(Saved data entries)
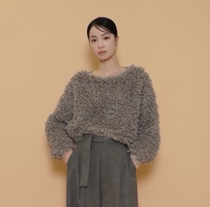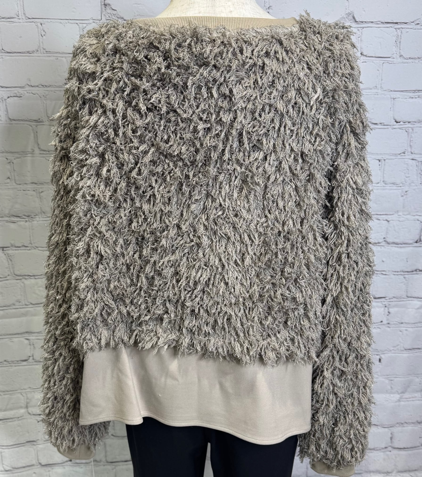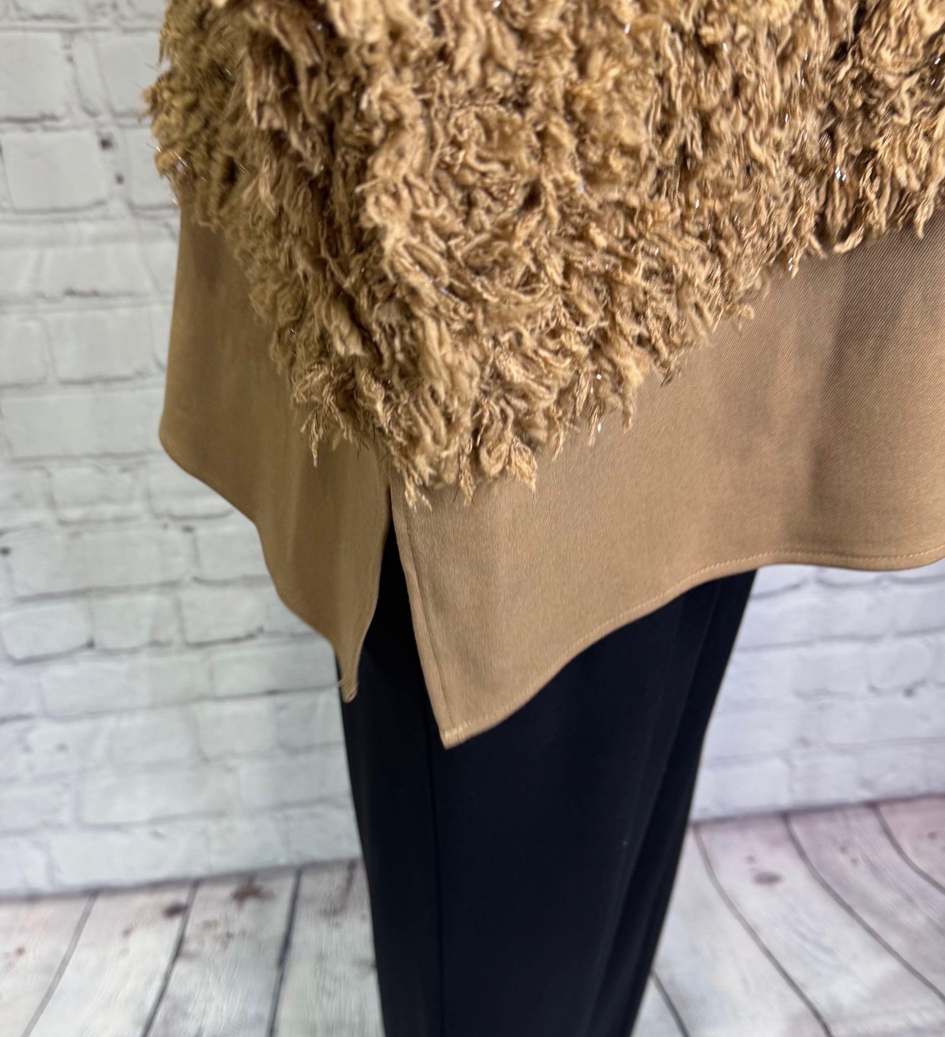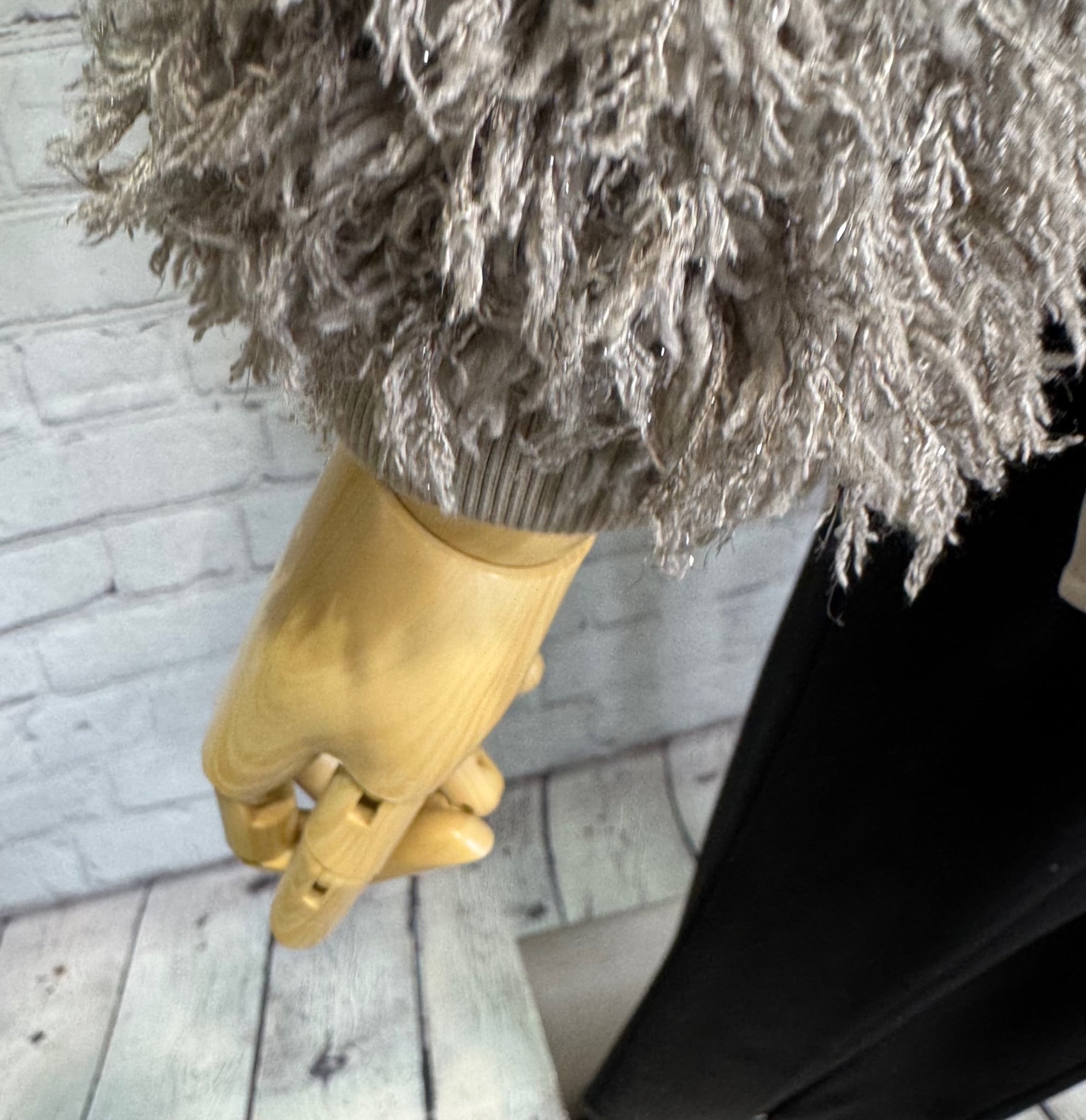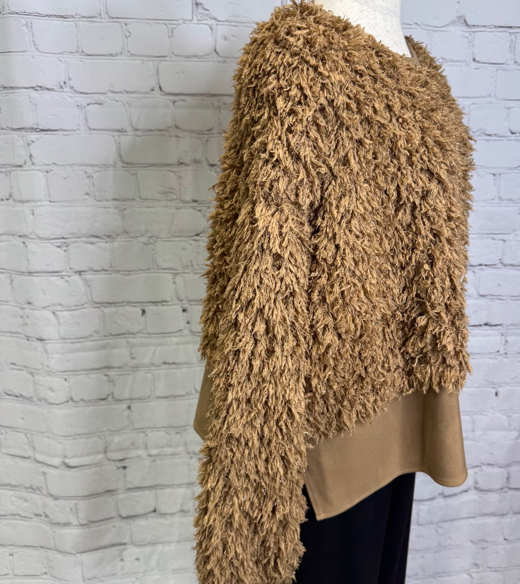程よいラメが入ったボアシャギーブラウスです。裾の部分に別布をドッキングさせてウエストまわりをスッキリみせてくれます。袖口リブも嬉しいポイント!
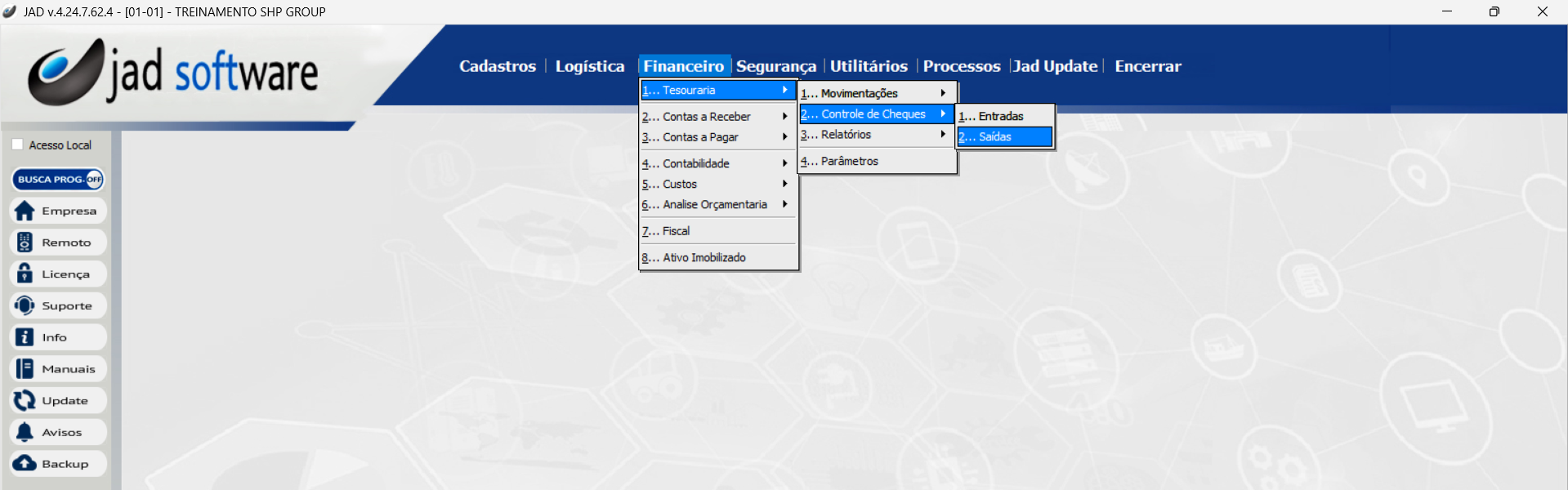Para acessar o módulo, deverá seguir a seguinte rota: Financeiro > Tesouraria > Controle de Cheques > Saídas
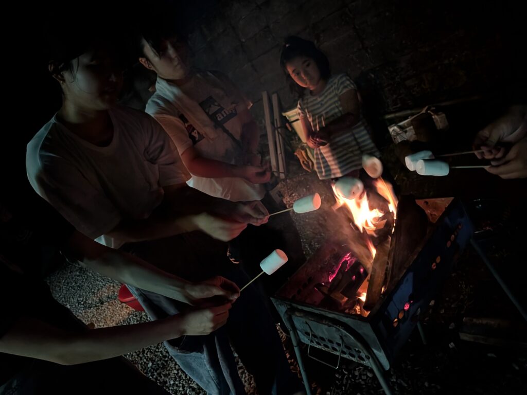 夜はそれぞれに過ごし、卓球をする者、火を見つめながら語り合う者、温泉を満喫する者、カラオケをする者、虫を取りにいく者。
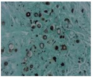 Las tinciones de rutina para realizar la histopatología son la hematoxilina- eosina, junto con el PAS y el Grocott o plata metenamina, que constituyen las tinciones básicas para el estudio de las micosis. Hay también tinciones opcionales como la de Fontana-Masson para el estudio de pigmento melánico, importante en las feohifomicosis y las tinciones para mucipolisacáridos, como la de mucicarmin, básicas para el estudio de Cryptococcus spp y otros hongos que en su pared o cápsula contengan glucoproteínas (figura 4 y 5).
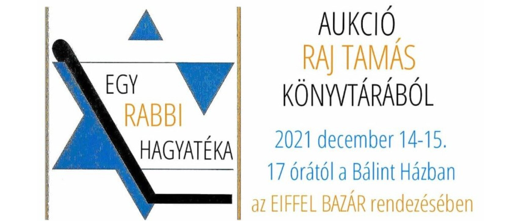 2021 december 14-én és 15-én 17 és 20 óra között, kétnapos aukciót rendeznek Raj Tamás rabbi könyvhagyatékából.
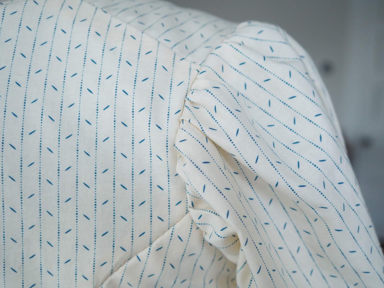 The back and sides of the bodice are lined in linen. The curved side-back seams are sewn with the still-unnamed but very helpful stitch that lets you sew lining and outer fabric in the same seam while hiding the raw edges (as the original was – the other pattern has the lining made up first and the cotton topstitched over it), but I sewed the shoulder seams separately in both layers.
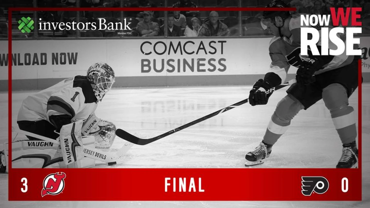 "Филадельфия Флайерс"-"Нью-Джерси Дэвилз" 0:3.Блэк Коулмэн набрал 3 очка (1+2),Кайл Палмьери набрал 2 очка (1+1),Кит Кинкэйд отразил 29 бросков и сыграл 3 сухой матч в сезоне.Уэйн Симмондс и Дэймон Северсон в конце матча получили по 10 минут штрафа."Дьяволы" выиграли 2 матч подряд.
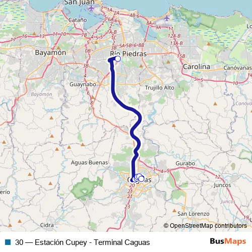 The first stop of the 30 bus route is Terminal Cupey and the last stop is Terminal Transporte Publico de Caguas. 30 (Estación Cupey - Terminal Caguas) is operational during todos los días.
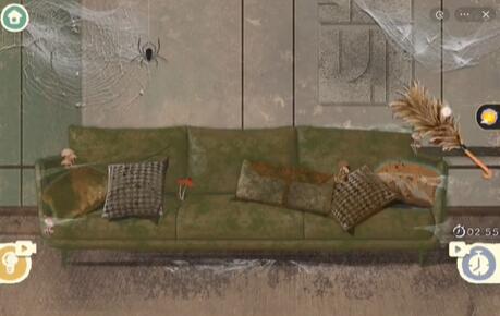 5、最后我们把房间擦一下,把靠枕摆放好即可过关。
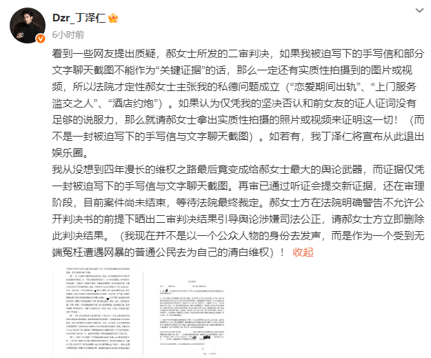 丁泽仁进一步表态:“如果认为仅凭我的坚决否认和前女友的证人证词没有足够的说服力,那么就请郝女士拿出实质性拍摄的照片或视频来证明这一切!(而不是一封被迫写下的手写信与文字聊天截图)。如若有,我丁泽仁将宣布从此退出娱乐圈。”
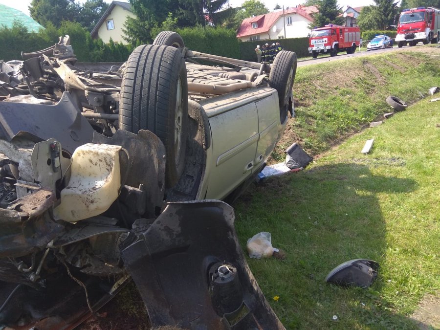 Wezwani przed godz. 14 na miejsce zdarzenia funkcjonariusze zastali dwa uszkodzone pojazdy, w tym jeden leżący na dachu.0

**WHAT TO WORK ON**
May I have only the lines from the start of the data through the line containing "夜はそれぞれに過ごし、卓球を", both included, reproduced exactly and without the pictures?

**EXERCISE RESPONSE**
程よいラメが入ったボアシャギーブラウスです。裾の部分に別布をドッキングさせてウエストまわりをスッキリみせてくれます。袖口リブも嬉しいポイント!
Para acessar o módulo, deverá seguir a seguinte rota: Financeiro > Tesouraria > Controle de Cheques > Saídas
 夜はそれぞれに過ごし、卓球をする者、火を見つめながら語り合う者、温泉を満喫する者、カラオケをする者、虫を取りにいく者。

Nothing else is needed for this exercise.